Elfriede
Jelinek: Das Frauen-Buch der Ränder
Literatur aus Osteuropa, die war uns lange fremd. Sie hat uns immer
Versprechen gegeben, sie war sozusagen vielversprechend, aber sie konnte
dieses Versprechen weder halten noch brechen, denn wir haben sie nicht
wirklich kennen gelernt. Wie haben uns die Literatur dieser Länder
nicht aufgebürdet, obwohl eine solche Bürde unsere Pflicht
gewesen wäre. Vieles hat man aber auch nicht kennen können.
Vieles ist unterdrückt worden, durfte sich uns nicht anvertrauen.
Als wäre es etwas Belastendes gewesen.
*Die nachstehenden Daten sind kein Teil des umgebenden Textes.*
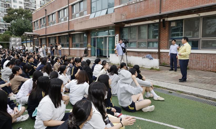 Çлý ¾ÈÀü µîÀ» Á¡°ËÇϱâ À§ÇØ ÇöÀåÀ» ãÀº ÀÌÁ¤¼± ±³À°°¨Àº ¡°Çб³ Æø¹ß¹° ¼³Ä¡ Çù¹ÚÀº ÇлýµéÀÇ »ý¸íÀ» À§ÇùÇÏ´Â ¸Å¿ì Áß´ëÇÑ »ç¾È¡±À̶ó¸ç ¡°±ä±Þ »óȲÀÌ ¹ß»ýÇÒ °æ¿ì Çлý ¾ÈÀüÀ» ÃÖ¿ì¼±À¸·Î ½Å¼ÓÇϰí ü°èÀûÀ¸·Î ´ëÀÀÇÒ ¼ö ÀÖµµ·Ï ÃÖ¼±À» ´ÙÇϰڴ١±°í ¸»Çß´Ù.

Man sagt: Literatur von
den Rändern. Und die äußersten Ränder der äußersten
Ränder, das sind die Frauen, die schreiben. Sie sind es auch hier.
Sie sind die Grenze, der gesagt wird: bis hierher und nicht weiter.
Sie schreiben, aber sie zählen nicht. Dabei muß man mit ihnen
rechnen, gerade weil sie nirgendwo die Macht haben. Sie sind ein Faktor,
aber sie zählen beim Endergebnis nicht viel. Obwohl sie so viele
zählen. Mit der Öffnung des ehemaligen "Ostblocks"
haben sich die Ränder, zum Glück nicht durch Feuer, aufgebogen,
und der Rand hat uns diese Schriften, die sich dort angekrallt hatten,
wie mit einem Karapult zu uns hergeschleudert.
Die
faszinierend vielschichtige Literatur dieser in unsere Mitte hingeworfenen
Länder und Menschen haben wir hier in dieser von Barbara Neuwirth
herausgegebenen Anthologie "Ich trage das Land" jetzt vor
uns.
Ich selbst bin ja ein Gemisch von Abkömmlingen etlicher dieser
Länder, und so fühle ich mich in dieser Literatur sofort vollkommen
zuhause, obwohl ich die wenigsten dieser Länder kennen gelernt
habe, denn ich habe leider große Schwierigkeiten mit dem Reisen.
So reisen dafür diese Texte zu mir und bestürmen mich, als
ob mich meine Ursprünge bestürmen würden, ihnen endlich
das Kommen zu erlauben. Und so wie der Westen und der Osten einander
letztlich zugeworfen wurden, so kommt es mir vor, als würden sich
meine eigenen Vorfahren von den Ränder her aufmachen, um jetzt
auch mich in ihrer Mitte zu begrüßen.